One might not share this last remark, but he is not the only to signal that very often, the demands formulated by the workers to have their contributions go to an independent trade union, rather than the FNPR, fall on deaf ears.

I pose the question: Hasn't the basis of free and independent trade unionism always been the conscious, free, and voluntary adhesion to
the union?

Is it possible to defend the rights of the workers while trade unionism remains -- in practice, though not in law -- an "obligatory" trade unionism, with the automatic contributions of the workers?

I repeat, this is not a discussion here of the orientation of the leaders of the FNPR, but of the nature of this kind of "trade unionism"; of course, in any democratic union you can challenge this or that position. This isn't the problem.

So Guy Ryder praised the existence of the 28 million "members" of the FNPR. But at the congress of the FNPR there were speeches from Vladimir Putin, MPs from Russia United (the party of the president), representatives of the bosses associations, the Church, etc. The center of all their speeches was praise for conciliation and social partnerships. It fact, Putin opened and closed the congress.

The president of the state Duma (our parliament), Boris Bryzlov, also one of the major speakers, declared: "Our party and the FNRP are linked by ancient, solid, and constructive links. The agreement between Russia United and the FNRP represents a solid basis for common work. It is important that the practical results of the world respond completely to the tasks of the unions and the party."

Alas, we workers of the ex-Soviet Union know the significance of subordinating the unions to a single party.

I would like to quote the testimony of my comrade D., a former trade-unionist from Saint Petersburg, who writes: "It was precisely, Andre Issaev, the adjoint of Chmakov, who became a member of the political council of the Russia United party and the president of the commission for labor and social policies, who passed the anti-worker labor code where the workers lost an essential right -- to oppose the lay-offs of their militants -- then the law 'on the monetarizing of natural advantages' which caused true riots throughout the country."

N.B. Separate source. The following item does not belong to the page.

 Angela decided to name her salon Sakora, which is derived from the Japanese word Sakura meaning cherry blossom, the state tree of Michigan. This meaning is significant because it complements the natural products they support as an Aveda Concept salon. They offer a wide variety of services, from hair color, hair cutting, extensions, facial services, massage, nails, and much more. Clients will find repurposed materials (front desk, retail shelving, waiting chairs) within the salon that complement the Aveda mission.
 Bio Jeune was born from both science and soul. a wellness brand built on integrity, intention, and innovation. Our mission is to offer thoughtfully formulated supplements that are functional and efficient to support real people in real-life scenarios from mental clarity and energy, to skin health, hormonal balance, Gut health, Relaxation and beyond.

I would like to specify: Andre Issaev, who at the end of the 1980s was a real unionist, is today both a leader of the FNPR, an MP, and the head of the commission on social affairs, which played a key role in the liquidation of the Soviet labor code and the social advantages of certain layers of the population (pensioners, war veterans, etc.), which led to demonstrations of tens of thousands of workers and pensioners.

The mayor of Moscow, Louiri Loujov, declared to the FNPR congress: "The time has passed where questions are resolved through pickets at the mayor's office, like in 1990. Today the process of negotiations is on the agenda. A tripartite agreement will allow for the resolution of all the conflicts and the realization of the main tasks of the unions."

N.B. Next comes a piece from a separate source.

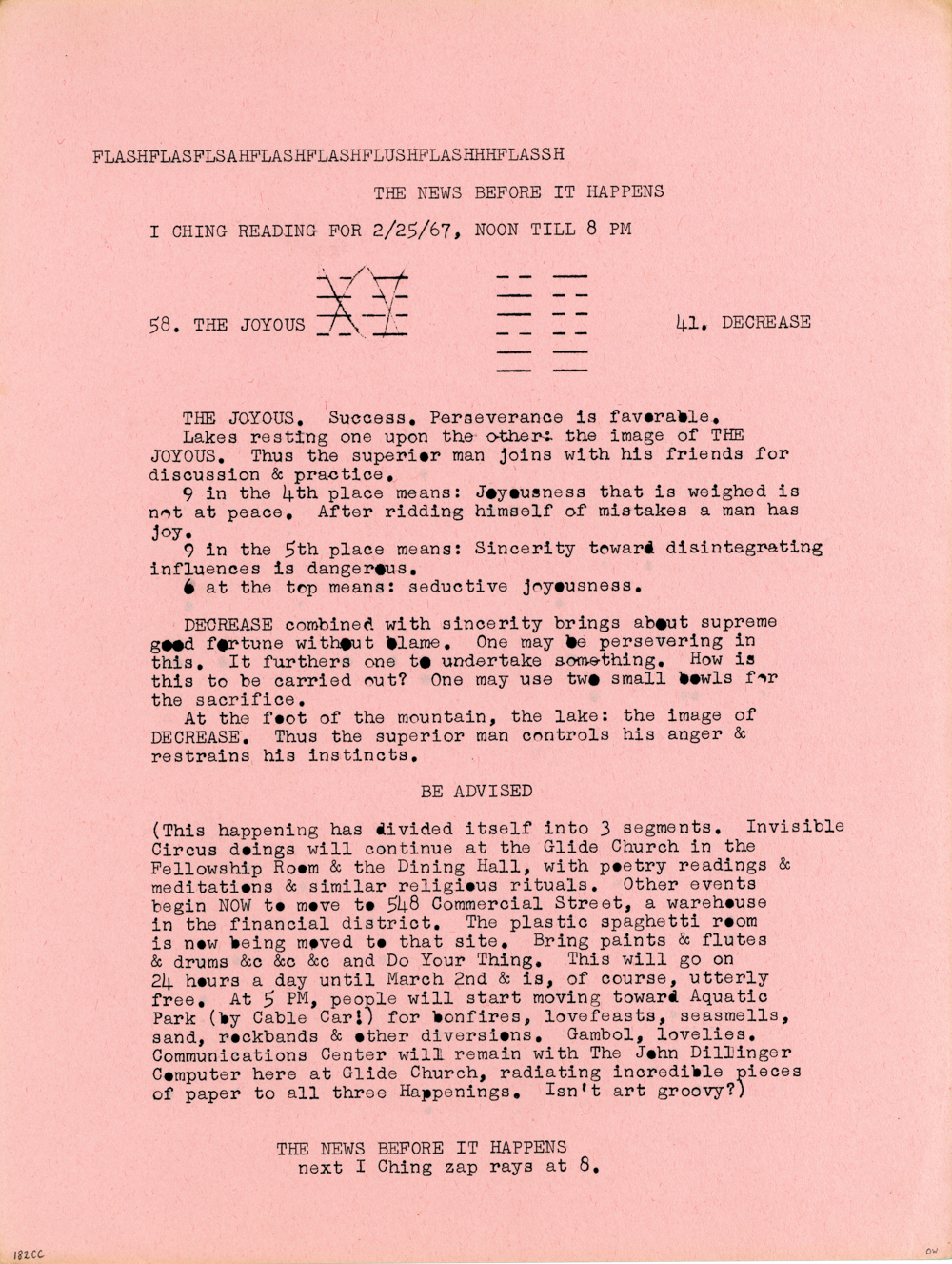 Cat. No.: CC-182 Full record BibCit: 2/25/1967. Broadside. Letter size. San Francisco: ?. Collection: SOLA-o(DW). Abstract: Invisible Circus I Ching reading and announcement of activities taking place in different parts of town. Note: no Com/Co imprint.

What can be the nature of an organization whose congress is a series of speeches of governmental leaders coming to preach "tripartite agreements" and the abandonment of all traditional activities in defense of the specific demands of the workers?

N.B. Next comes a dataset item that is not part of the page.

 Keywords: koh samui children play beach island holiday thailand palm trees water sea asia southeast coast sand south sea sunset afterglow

I would like to signal to our foreign comrades that at a moment when the congress of the FNPR took place, there were also big movements of workers' strikes in the oil the sector in Siberia, workers who live in conditions of incredible misery. The strikers, unionized in the FNPR or independent trade unions, even sent a delegation to the FNPR congress.

Many workers who are members of the FNPR or independent trade unionists -- when they (rarely) do exist -- aim to oppose privatizations and defend workers. But the delegation of the striking oil workers, coming from Siberia, was denied entrance to the congress by the policy, who were ordered to do this by the leaders of the FNPR and the state politicians, who wanted to monopolize the speeches.

D., and independent trade unionist in St. Petersburg, writes: "During the demonstration of 1998, Chmakov heavily supported the mayor of Moscow, Iouri Loujkov. Beginning in 1999, the unions of Chmakov demonstrated with "The Nation" of Loujkov in the May 1 demonstrations. The logical result of this alliance was the support given by the union for the OVR bloc in the legislative elections in 199 and in the election of the adjoint Chmakov, Andre Issaev, as MP on the OVD slate.

Chmakov knew how to turn his political closeness with Loujkov into commercial dividends. This is the sixth year in a row that the Mayor of Moscow has given a subvention of 10 to 20 million $ for the Kremlin Christmas Tree, for which the FNRP is one of the organizers. And the trade union is in charge each year for the part of the party of the 'Art-Mix' company, whose general director is the son of Mr. Chmakov, Victor."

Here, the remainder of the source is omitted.